Yes, that's precisely what I'd like to avoid. It's not _that_ hard of
course, and Couch provides awesome entry point for the invalidation in
_changes or update_notifier, but still...
On 9.Nov, 2010, at 24:42 , Robert Newson wrote:
I think it's clear that caching via ETag for documents is close to
pointless (the work to find the doc in the b+tree is over 90% of the
work and has to be done for GET or HEAD).
Yes. I wonder if there's any room for improvement on Couch's part. In
any case, when we're in "every 1 request to cache means 1 request to
database" situation, "caching" is truly pointless.
On Mon, Nov 8, 2010 at 11:11 PM, Zachary Zolton <[email protected]
> wrote:
That makes sense: if every request to the caching proxy checks the
etag against CouchDB via a HEAD request—and CouchDB currently does
just as much work for a HEAD as it would for a GET—you're not going
to
see an improvement.
Yes. But that's not the only scenario imaginable. I'd repeat what I
wrote to the Varnish mailing list [http://lists.varnish-cache.org/pipermail/varnish-misc/2010-November/004993.html
]:
1. The cache can "accumulate" requests to a certain resource for a
certain (configurable?) period of time (1 second, 1 minute, ...) and
ask the backend less often -- accelerating througput.
2. The cache can return "possibly stale" content immediately and check
with the backend afterwards (on the background, when n-th next request
comes, ...) -- accelerating response time.
It was my impression, that at least the first option is doable with
Varnish (via some playing with the grace period), but I may be
severely mistaken.
On Mon, Nov 8, 2010 at 5:04 PM, Randall Leeds
<[email protected]> wrote:
If you have a custom caching policy whereby
the proxy will only check the ETag against the authority (Couch)
once
per (hour, day, whatever) then you'll get a speedup.

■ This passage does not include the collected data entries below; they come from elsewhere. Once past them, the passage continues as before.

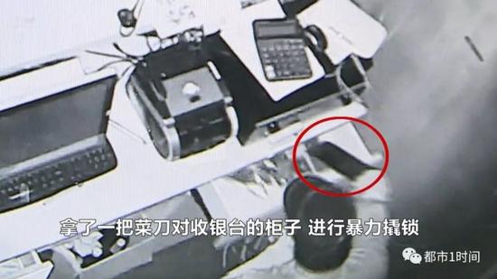 长沙警方擒获攀窗入室大盗监控显示,10月29日凌晨4点41分,这名身着浅色上衣,戴着帽子、口罩的嫌疑男子窜至洪山路这家餐馆内,在收银台翻找了一番后,发现了桌下放置的保险柜,于是他直接将保险柜给搬了出去。
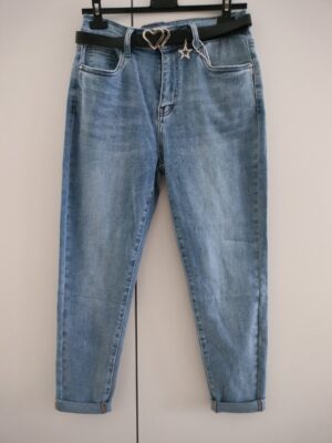 Spodnie jeansowe M.Sara Cechy produktu: Prosty krój Średni stan Skład materiału: 68% bawełna, 28% poliester, 2% wiskoza, 2% elastan Uciągają się ok. 8 cm Wymiary rozmiar L: Długość nogawki zewnętrznej 97 cm Długość nogawki wewnętrznej 69 cm Szerokość w pasie 39 cm Szerokość w biodrach 50 cm Stan 28 cm
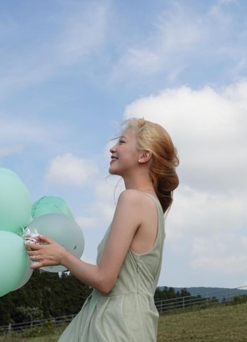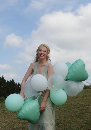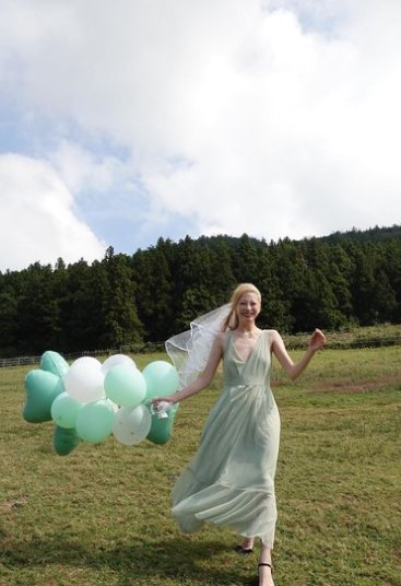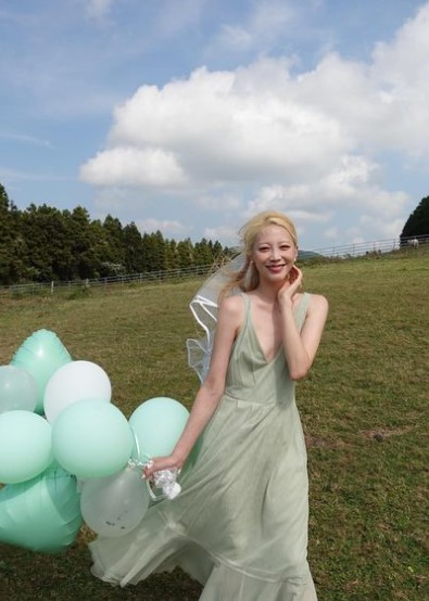 사진에서 최예슬은 제주도의 넓은 벌판을 배경으로 에메랄드 컬러 롱 드레스를 입고 여러 사진을 찍고 있다.
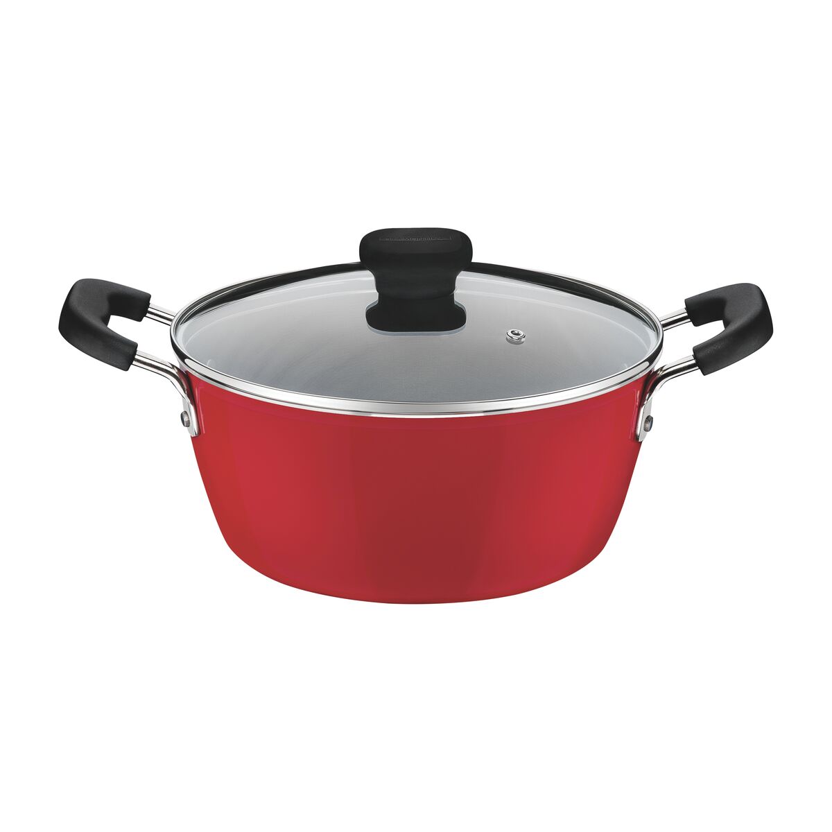 Caçarola Tramontina Piacenza em Alumínio com Revestimento Interno Antiaderente Starflon T3 com Tampa e Alças Baquelite Vermelha 24 cm 4,3 L
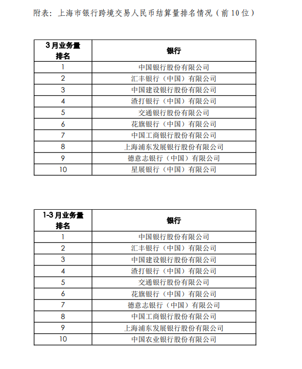 4月22日,人民银行上海总部发布3月份上海市银行跨境人民币业务结算量,截至3月末,上海市辖内共有100家银行报送跨境人民币结算业务信息,3月结算量29143亿元,1~3月累计结算量83333亿元。
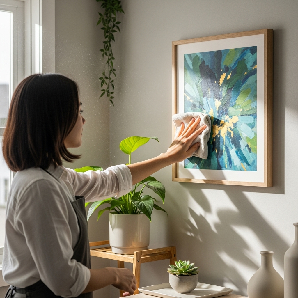 Use frames with sealed backing or plexiglass fronts to protect art. Keep humidity in mind when selecting prints and materials.

But if your
proxy
performs a HEAD request for every incoming request you will not see
much performance gain.
P-r-e-c-i-s-e-ly. If we can tune Varnish or Squid to not be so "dumb"
and check with the backend based on some configs like this, we could
use it for proper self-invalidating caching. (As opposed to TTL-based
caching, which bring the manual expiration issues discussed above.)
Unfortunately, at least based on the answers I got, this just not
seems to be possible.
On Mon, Nov 8, 2010 at 12:06, Randall Leeds <[email protected]>
wrote
It'd be nice if the "Couch is HTTP and can leverage existing
caches and tools"
talking point truly included significant gains from etag caching.
P-R-E-C-I-S-E-L-Y. This is, for me, the most important, and
embarrassing issue of this discussion. The O'Reilly book has it all
over the place: http://www.google.com/search?q=varnish+OR+squid+site:http://guide.couchdb.org
. Whenever you tell someone who really knows about HTTP caches "Dude,
Couch is HTTP and can leverage existing caches and tools" you can and
will be laughed at -- you can get away with mentioning expiration
based caching and "simple" invalidation via _changes and such, but...
Embarrassing still.
I'll try to do more research in this area, when time permits. I don't
believe there's _not_ some arcane Varnish config option to squeeze
some performance eg. in the "highly concurrent requests" scenario.
Thanks for all the replies!,
Karel